Why you feel wrecked for a day afterward
The exposure is brief. The aftermath is not. A lot of patients describe a hangover after a scented event, meaning hours or a full day of fatigue, dizziness, headache, or fog. That delayed tail is the mediator wave moving through your system, not a second exposure you missed. The patients who flare walking past the perfume counter are, in my clinic, almost always the same ones whose safe-food list has been shrinking. The trigger looks new. The bucket it lands in is the one they have been filling for months.
How to lower the airborne load
The goal is not to force the sensitivity to disappear. It is to bring the baseline down so smaller exposures stop tipping you over. The work is steady rather than dramatic.
- Make your home the low-load zone. Switch to fragrance-free detergent, unscented cleaners, and no plug-ins or scented candles. Home is where you spend the most hours, so it gives the most return for the effort.
- Clean up the air you breathe most. A HEPA air purifier in the bedroom, decent ventilation, and keeping the windows shut on high-pollution or heavy-pollen days all lower the steady background irritation.
- Layer safe environments. You cannot control the office, the gym, or the grocery store. You can control what surrounds them. A clean-air home and car give your system somewhere to recover between hits.

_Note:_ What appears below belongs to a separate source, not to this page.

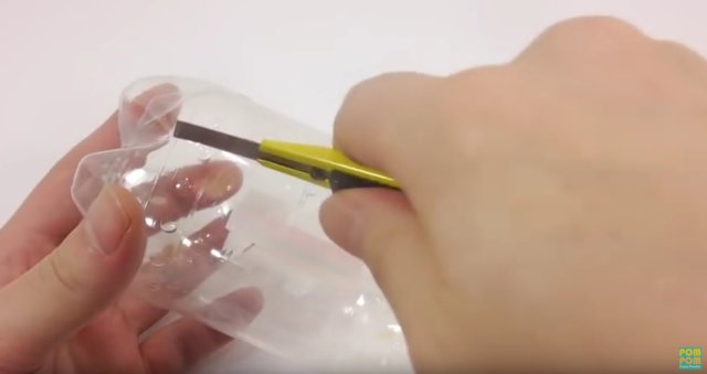 取下瓶身的標籤,用美工刀在瓶身切一道口子。

- Pace the exposures you cannot avoid. If you know a scented event is coming, try not to stack it on top of a bad-sleep, high-stress, premenstrual week when you have any say in the timing. The same exposure lands differently depending on how full the bucket already is.
- Keep working the rest of the load. Sleep, stress regulation, and cycle-aware timing move the baseline for airborne triggers just as much as for food. Hormonal shifts in particular change how reactive you are from one week to the next.
None of these are fast. All of them shift the curve, and a lower curve is what hands you back the perfume aisle, eventually.
Sorting out which exposures to tackle first is a lot to carry alone. MCAS: What You Need to Know First is a free guide for exactly that early, overwhelmed stage, when the trigger list feels endless and you need a place to actually start.
FAQ
Can MCAS cause sensitivity to smells and chemicals?
Yes. Mast cells line your nose, airways, and skin, and they can be set off by irritants that have nothing to do with a food allergy. When your overall mast cell load is high, fragrances and chemical fumes become one more trigger that tips an already full system into symptoms.
Why am I suddenly reacting to a perfume I used to tolerate?
The perfume probably is not what changed. Your baseline load did. As stress, poor sleep, hormones, infections, and other exposures stack up, the threshold for a visible reaction drops, and a scent you wore for years can start to set you off.
Is chemical sensitivity the same as an allergy?
Usually not. A true allergy runs through IgE antibodies and shows up on testing. Most MCAS-related chemical reactivity works through sensory nerves and a non-IgE pathway instead, which is why allergy tests can come back negative while you are clearly still reacting.
Is MCS (Multiple Chemical Sensitivity) the same as MCAS?
They are not interchangeable. MCS is a descriptive label for the symptom pattern, while MCAS describes a mechanism of mast cell activation. The mast cell and sensory nerve link is one explanation for why chemical sensitivity happens, though diagnosing either one belongs with a clinician rather than a self-assessment.
How do I reduce fragrance and chemical triggers at home?
Start where you spend the most time. Switch to fragrance-free laundry and cleaning products, skip the plug-ins and scented candles, and run a HEPA air purifier in the bedroom. The aim is to make home a low-load zone so your system has somewhere to recover between the exposures you cannot avoid.